» DATA RECORDS:
□ □ □

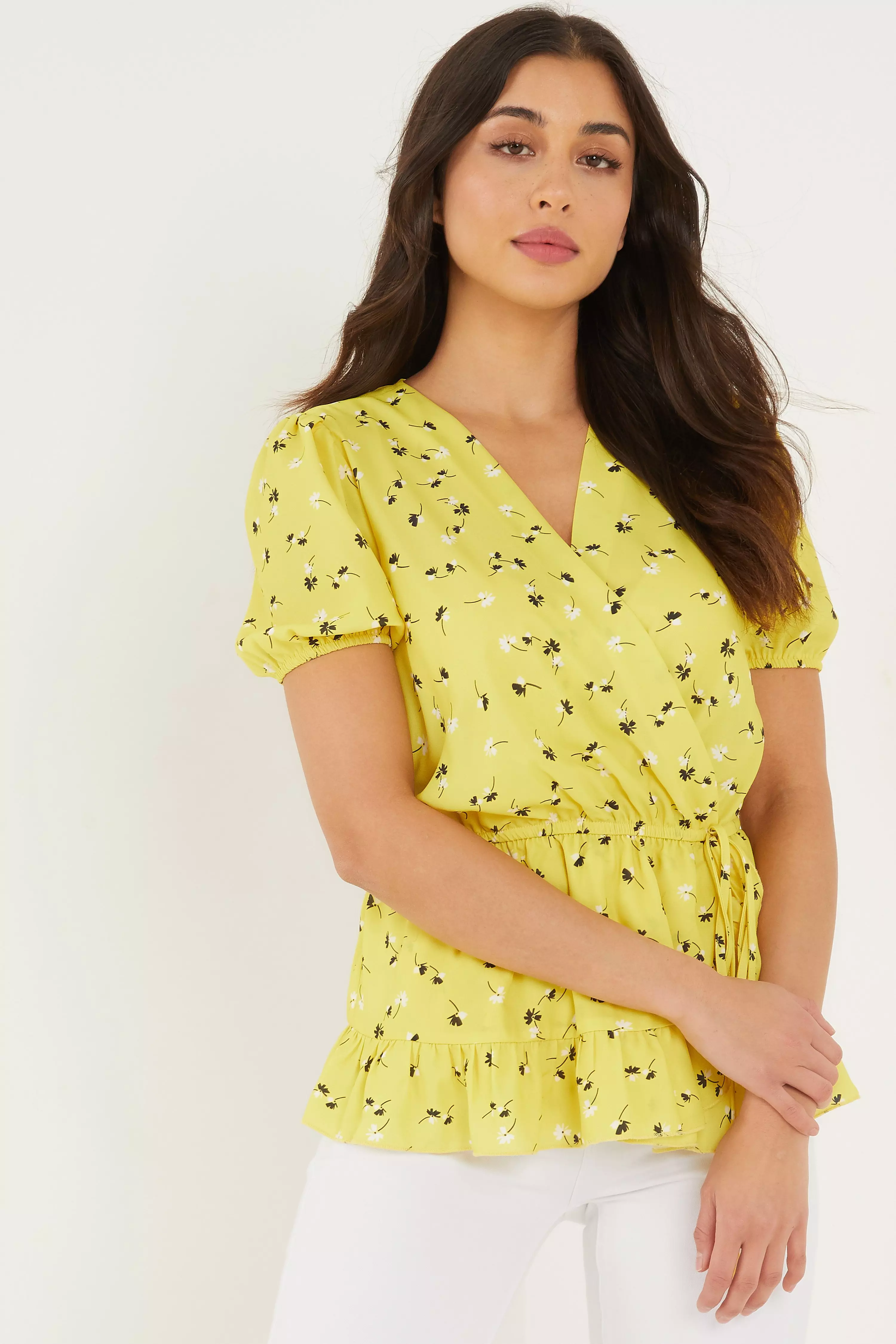Yellow Floral Ditsy Floral Wrap Top New Look Very well made.
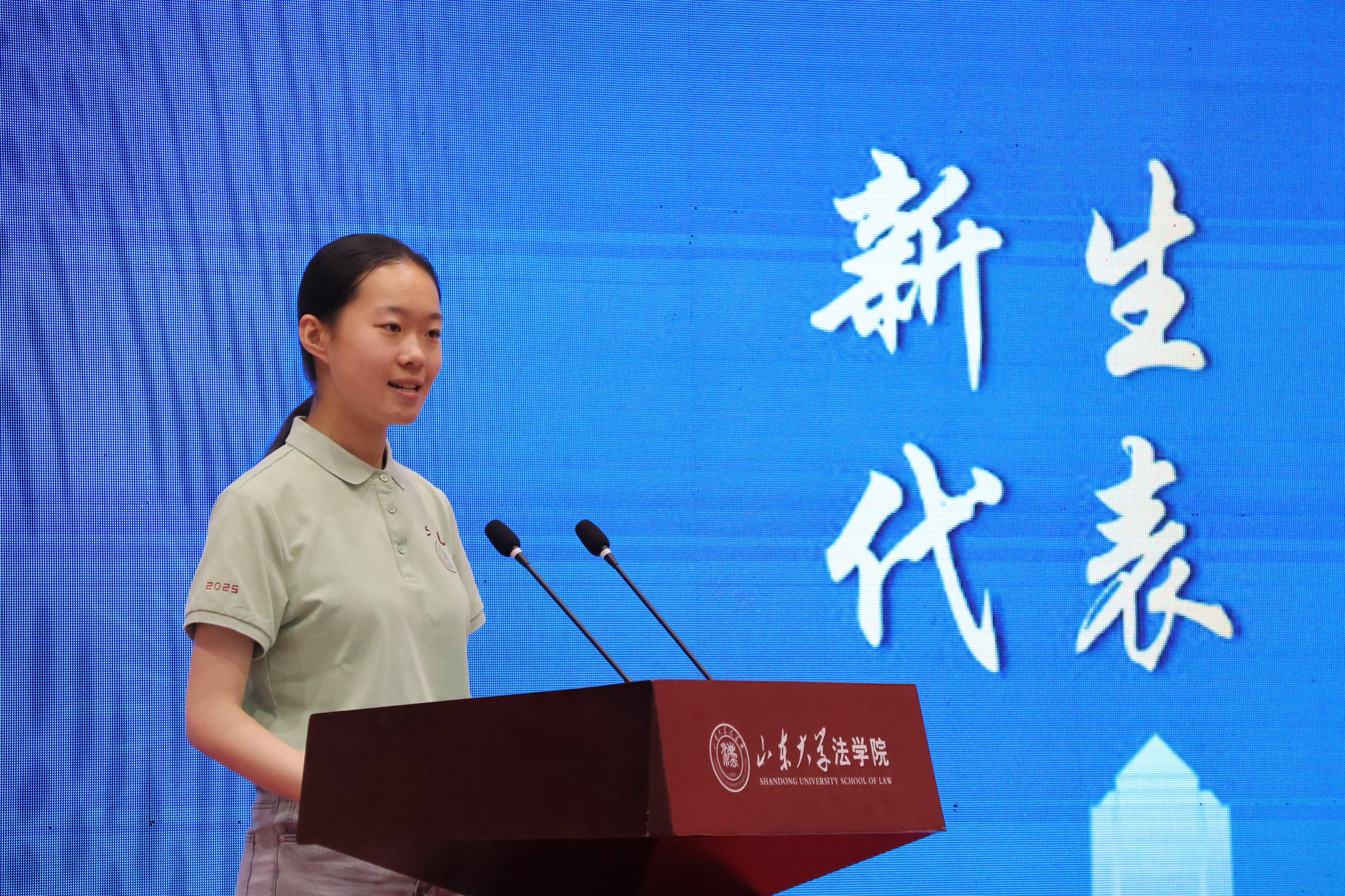 新生代表2025級(jí)本科生王小睿在發(fā)言中表示,要以山大法學(xué)院作為新起點(diǎn),在理性思辨的課堂中學(xué)習(xí)法理精髓,在著作滿藏的圖書館博覽群書,在模擬法庭鍛煉實(shí)戰(zhàn)能力,扎實(shí)打牢法學(xué)基礎(chǔ)。號(hào)召新生同學(xué)在提高自身法律素養(yǎng)的同時(shí),心懷“以法為劍,以民為心”的信念,成長為有情懷、有本領(lǐng)、有理想、有擔(dān)當(dāng)?shù)纳酱蠓扇恕?/p>
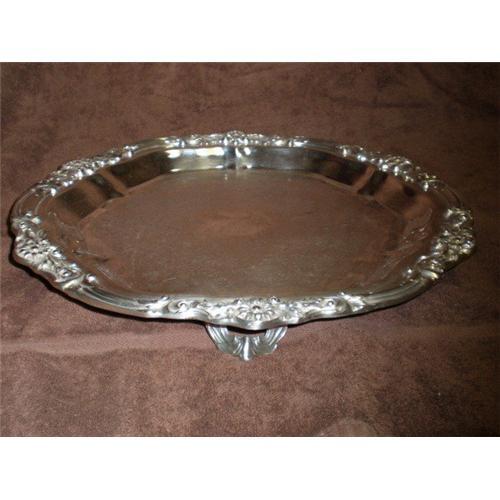 Large Footed Silver plated Tray by F. B. Rogers. This has a real nice raised rose pattern on it. Was wedding gift in 1984 and used a few times. </em></td>
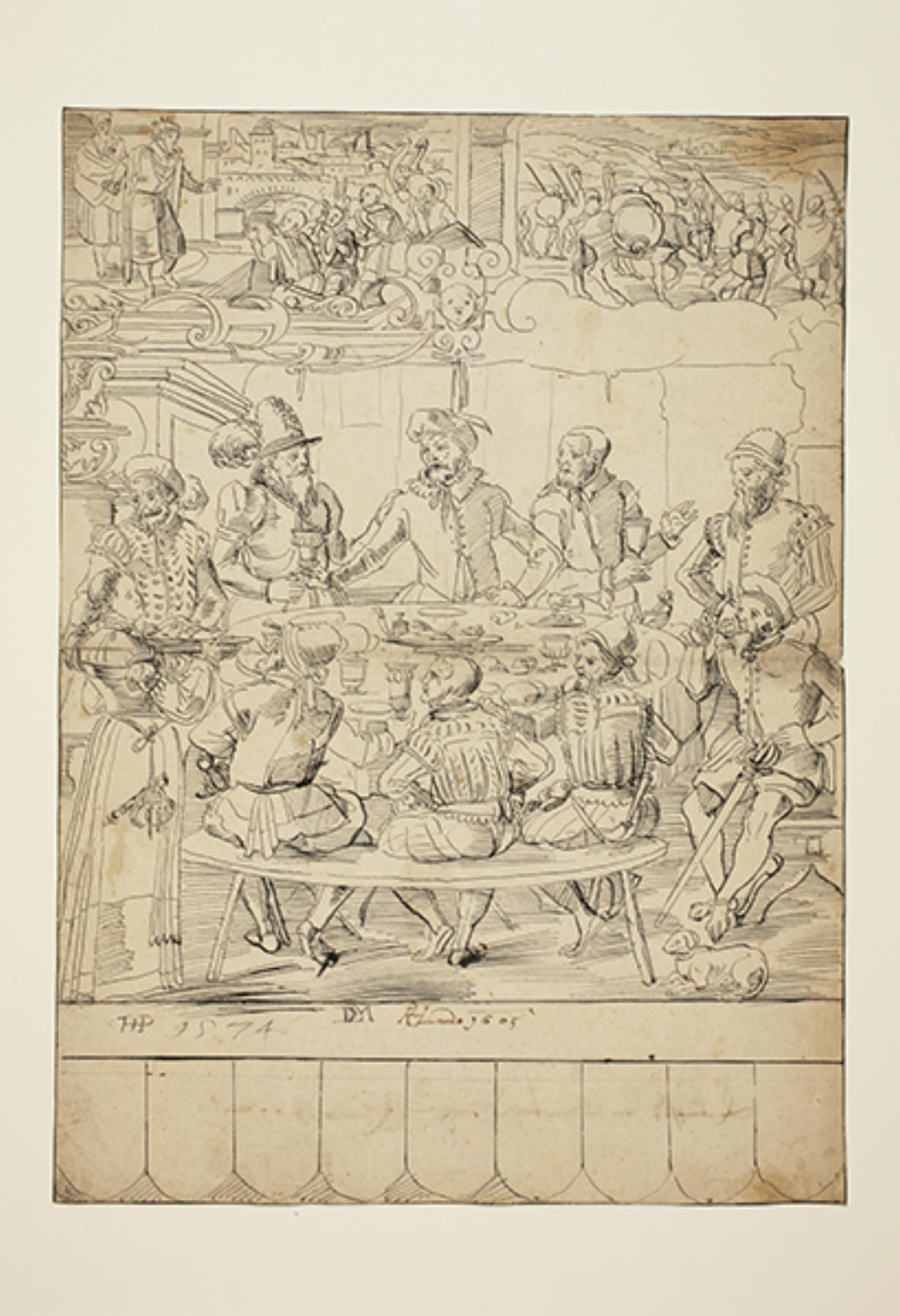 Die beiden ligierten Monogramme «HIP», das für Johann Jakob Plepp steht, und «DLM» für Daniel Lindtmayer wurden in der älteren Forschung unterschiedlich gewertet. Ganz erkannte, dass es sich beim vorliegenden Scheibenriss um eine Kopie Johann Jakob Plepps nach einer Vorlage von Daniel Lindtmayer handelt (Ganz 1966, S. 63) und widerlegte die ältere Zuschreibung Lehmanns an Lindtmayer (Lehmann 1904, S. 345). Plepp hat folglich neben seinem eigenen Monogramm als Zeichner, auch das Monogramm des Urhebers der Vorlage festgehalten. Ein Entwurf Lindtmayers von 1572 im Kunsthaus Zürich (1938/66, IV Slg. Ganz, 2) zeigt eine ähnliche, seitenverkehrte Komposition (Thöne 1975, S. 143). Nach Thöne diente allerdings ein heute verschollener Riss Lindtmayers als Vorlage für Plepp (Thöne 1975, S. 240). Dieser Entwurf muss nach Thöne in der unteren Reihe ebenfalls neun Schilde und im Oberbild zwei Szenen der Josephsgeschichte aufgewiesen haben.
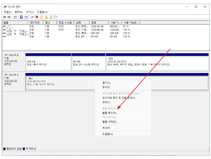 1. 디스크 관리에서 크기 변경을 원하는 볼륨을 선택 후 마우스 우클릭.

□ □ □

» YOUR OBJECTIVE: Output the records above exactly as written, but leave out the pictures.

» SOLVED EXERCISE:
Yellow Floral Ditsy Floral Wrap Top New Look Very well made.
 新生代表2025級(jí)本科生王小睿在發(fā)言中表示,要以山大法學(xué)院作為新起點(diǎn),在理性思辨的課堂中學(xué)習(xí)法理精髓,在著作滿藏的圖書館博覽群書,在模擬法庭鍛煉實(shí)戰(zhàn)能力,扎實(shí)打牢法學(xué)基礎(chǔ)。號(hào)召新生同學(xué)在提高自身法律素養(yǎng)的同時(shí),心懷“以法為劍,以民為心”的信念,成長為有情懷、有本領(lǐng)、有理想、有擔(dān)當(dāng)?shù)纳酱蠓扇恕?/p>
 Large Footed Silver plated Tray by F. B. Rogers. This has a real nice raised rose pattern on it. Was wedding gift in 1984 and used a few times. </em></td>
 Die beiden ligierten Monogramme «HIP», das für Johann Jakob Plepp steht, und «DLM» für Daniel Lindtmayer wurden in der älteren Forschung unterschiedlich gewertet. Ganz erkannte, dass es sich beim vorliegenden Scheibenriss um eine Kopie Johann Jakob Plepps nach einer Vorlage von Daniel Lindtmayer handelt (Ganz 1966, S. 63) und widerlegte die ältere Zuschreibung Lehmanns an Lindtmayer (Lehmann 1904, S. 345). Plepp hat folglich neben seinem eigenen Monogramm als Zeichner, auch das Monogramm des Urhebers der Vorlage festgehalten. Ein Entwurf Lindtmayers von 1572 im Kunsthaus Zürich (1938/66, IV Slg. Ganz, 2) zeigt eine ähnliche, seitenverkehrte Komposition (Thöne 1975, S. 143). Nach Thöne diente allerdings ein heute verschollener Riss Lindtmayers als Vorlage für Plepp (Thöne 1975, S. 240). Dieser Entwurf muss nach Thöne in der unteren Reihe ebenfalls neun Schilde und im Oberbild zwei Szenen der Josephsgeschichte aufgewiesen haben.
 1. 디스크 관리에서 크기 변경을 원하는 볼륨을 선택 후 마우스 우클릭.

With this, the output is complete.